Start of Task data

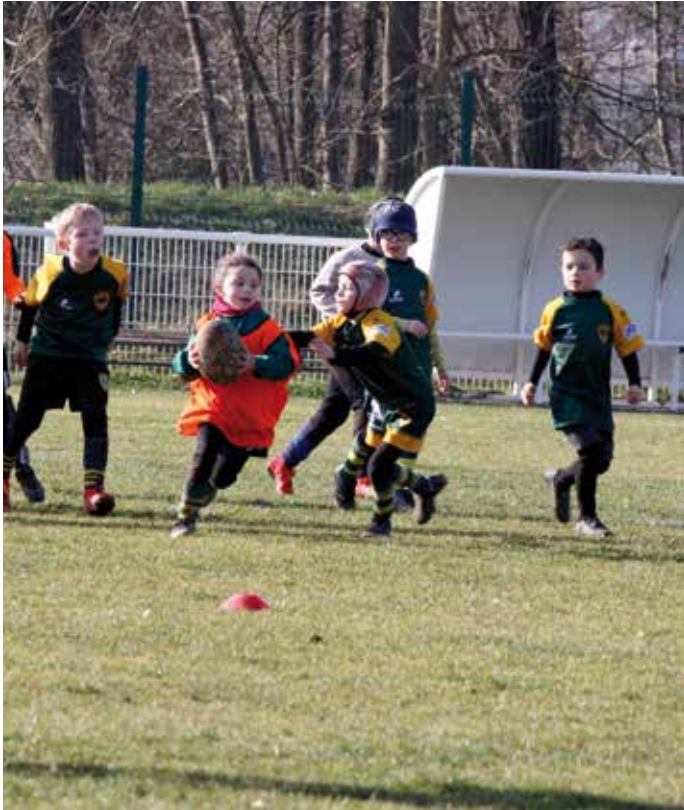
En catégorie mini-poussin, les enfants découvrent les premiers rudiments de rugby : passer le ballon, soutenir ses partenaires et surtout respecter les règles.

d'équipe et j'aime le contact. Je suis plutôt du genre à foncer dans le tas". Celle qui évolue au poste de deuxième ou de troisième ligne adore pousser dans les mêlées et estime avoir gagné en maturité... L'école de rugby c'est l'école de la vie : à chaque étape l'enfant continue son parcours vers l'autonomie. Afin d'offrir de belles opportunités à ses joueurs, le Mom a créé une entente avec Strasbourg Alsace Rugby à partir de la catégorie M16. "Certains cadets qui souhaitent notamment s'orienter vers la compétition rejoignent Strasbourg à l'issue de leur cursus en section sportive au collège Henri Meck".
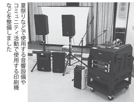
夏祭りなどで使用する音響設備や コミュニティ活動で使用する印刷機 などを整備しました。
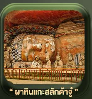
" พาทินแกะสลักต้าจู้ "
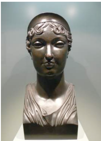
Abb.4 Marie Louise. Bronzestatuette von Jacques-Edme Dumont, Paris 1810

Neben seinen zahlreichen Statuetten und Statuen schuf Jacques-Edme die bekannte Büste von Marie Louise, der Herzogin von Parma und Ehefrau von Napoleon.
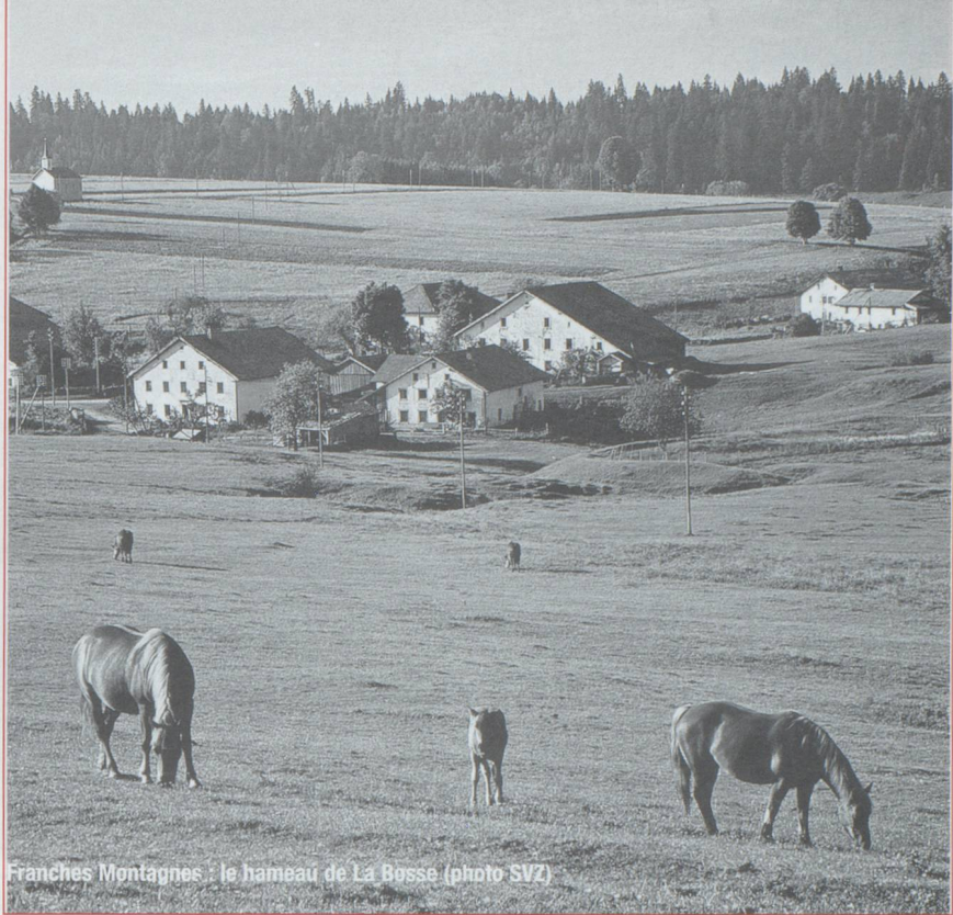
Franches Montagnes : le hameau de La Bosse

Il fut un temps pas si lointain où faire le voyage de Neuchâtel à la Chaux-de-Fonds en hiver n'était pas une sinécure. Le passage du col de la Vue des Alpes, souvent enneigé, ressemble parfois à une expédition laborieuse. Pourtant, arrivé au haut
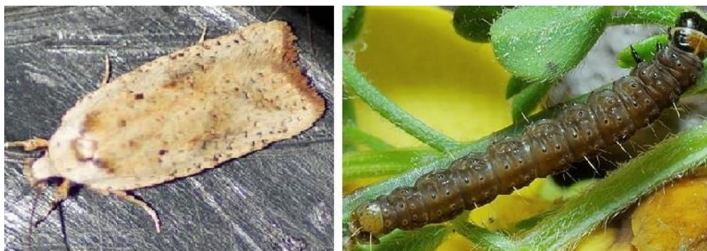
Slika 9. Imago i ličinka moljca kima ( Agonopterix nervosa )

Od štetnika, najopasniji je moljac kima ( Agonopterix nervosa ) (Slika 9.). Ličinka moljca napada stabljiku i list, a kasnije i cvat. Najpovoljnije vrijeme zaštite je treći stadij razvoja ličinke (s tim što tretman treba ponoviti nakon 8 do 10 dana) sa sredstvom na bazi tiakloprida .
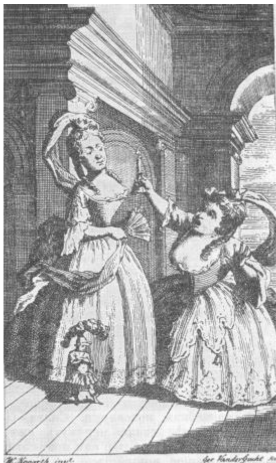
Г. Филдинг. Трагедия трагедий

Гравюра М. Вандергюхта по композиции У. Хогарта
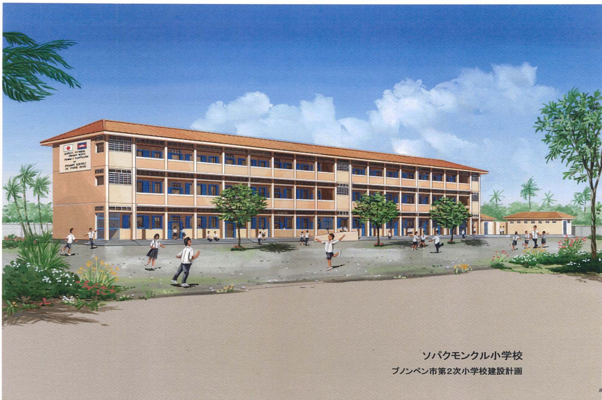
ソパクモンクル小学校 プノンペン市第2次小学校建設計画
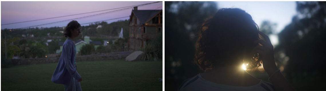
Fotogramas del Proyecto de Graduación "Inmarchitable".

Otro de los motivos, fue el de la practicidad, debido al tiempo acotado con el que contaba el rodaje, y también al hecho de que por sus características, logra brindar una gran posibilidad de adaptación e improvisación ante situaciones adversas. Ya que su implementación facilita la manera de reencuadrar durante la toma y seguir con menor dificultad los movimientos de las actrices, como también permite aprovechar ciertos momentos del día cuya duración es muy breve, como el atardecer o el amanecer.
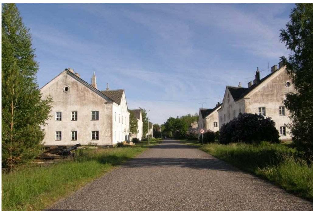
Foto 2. Vaade Kõrgessaare sadama tee piirkonna elamutele Sadama suunalt.
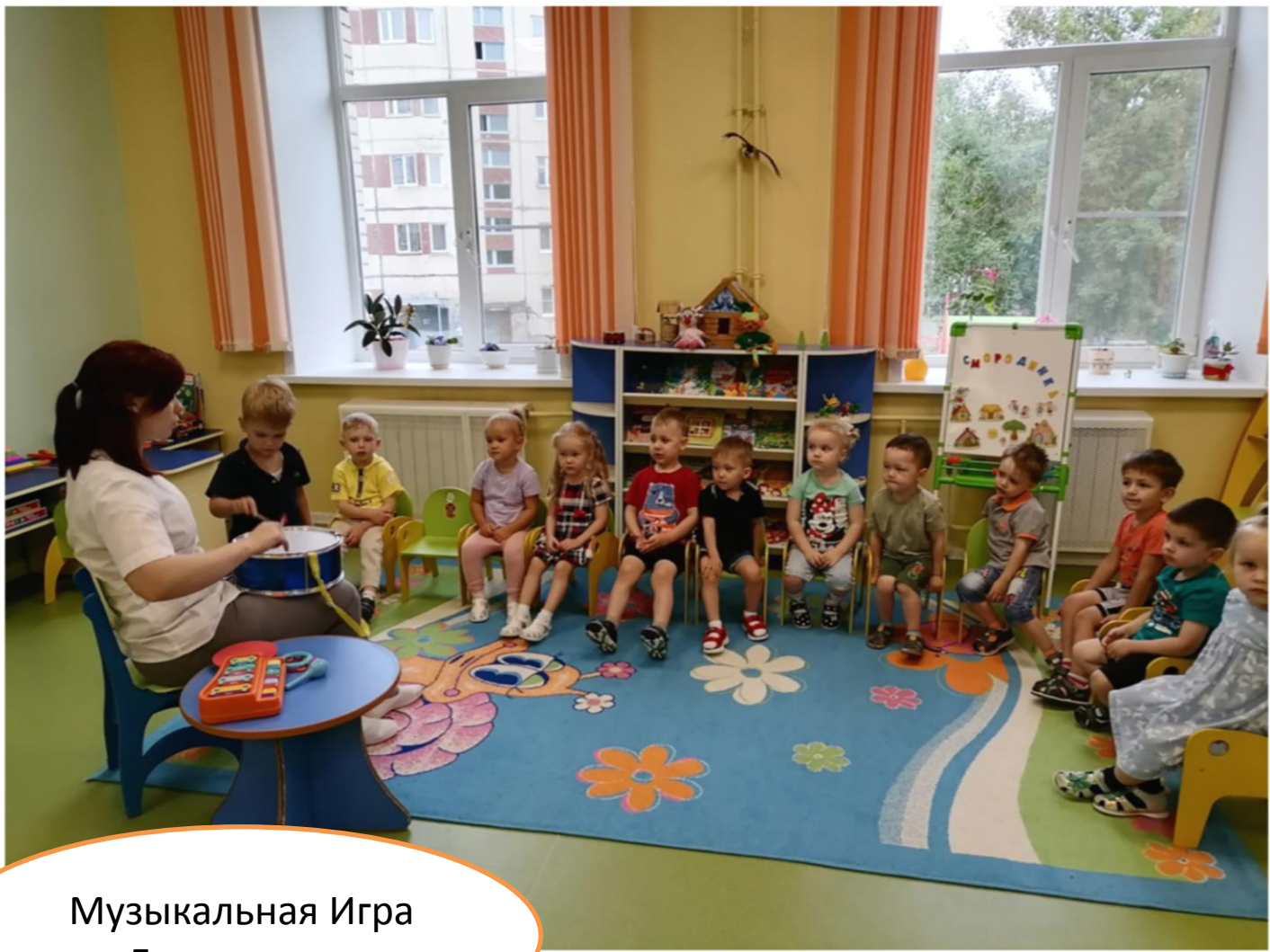
Музыкальная Игра «Громко тихо»

End of Task data

■ **Problem statement**
Reproduce everything above exactly, images excluded.

■ **Result of this exercise**
En catégorie mini-poussin, les enfants découvrent les premiers rudiments de rugby : passer le ballon, soutenir ses partenaires et surtout respecter les règles.

d'équipe et j'aime le contact. Je suis plutôt du genre à foncer dans le tas". Celle qui évolue au poste de deuxième ou de troisième ligne adore pousser dans les mêlées et estime avoir gagné en maturité... L'école de rugby c'est l'école de la vie : à chaque étape l'enfant continue son parcours vers l'autonomie. Afin d'offrir de belles opportunités à ses joueurs, le Mom a créé une entente avec Strasbourg Alsace Rugby à partir de la catégorie M16. "Certains cadets qui souhaitent notamment s'orienter vers la compétition rejoignent Strasbourg à l'issue de leur cursus en section sportive au collège Henri Meck".
夏祭りなどで使用する音響設備や コミュニティ活動で使用する印刷機 などを整備しました。
" พาทินแกะสลักต้าจู้ "
Abb.4 Marie Louise. Bronzestatuette von Jacques-Edme Dumont, Paris 1810

Neben seinen zahlreichen Statuetten und Statuen schuf Jacques-Edme die bekannte Büste von Marie Louise, der Herzogin von Parma und Ehefrau von Napoleon.
Franches Montagnes : le hameau de La Bosse

Il fut un temps pas si lointain où faire le voyage de Neuchâtel à la Chaux-de-Fonds en hiver n'était pas une sinécure. Le passage du col de la Vue des Alpes, souvent enneigé, ressemble parfois à une expédition laborieuse. Pourtant, arrivé au haut
Slika 9. Imago i ličinka moljca kima ( Agonopterix nervosa )

Od štetnika, najopasniji je moljac kima ( Agonopterix nervosa ) (Slika 9.). Ličinka moljca napada stabljiku i list, a kasnije i cvat. Najpovoljnije vrijeme zaštite je treći stadij razvoja ličinke (s tim što tretman treba ponoviti nakon 8 do 10 dana) sa sredstvom na bazi tiakloprida .
Г. Филдинг. Трагедия трагедий

Гравюра М. Вандергюхта по композиции У. Хогарта
ソパクモンクル小学校 プノンペン市第2次小学校建設計画
Fotogramas del Proyecto de Graduación "Inmarchitable".

Otro de los motivos, fue el de la practicidad, debido al tiempo acotado con el que contaba el rodaje, y también al hecho de que por sus características, logra brindar una gran posibilidad de adaptación e improvisación ante situaciones adversas. Ya que su implementación facilita la manera de reencuadrar durante la toma y seguir con menor dificultad los movimientos de las actrices, como también permite aprovechar ciertos momentos del día cuya duración es muy breve, como el atardecer o el amanecer.
Foto 2. Vaade Kõrgessaare sadama tee piirkonna elamutele Sadama suunalt.
Музыкальная Игра «Громко тихо»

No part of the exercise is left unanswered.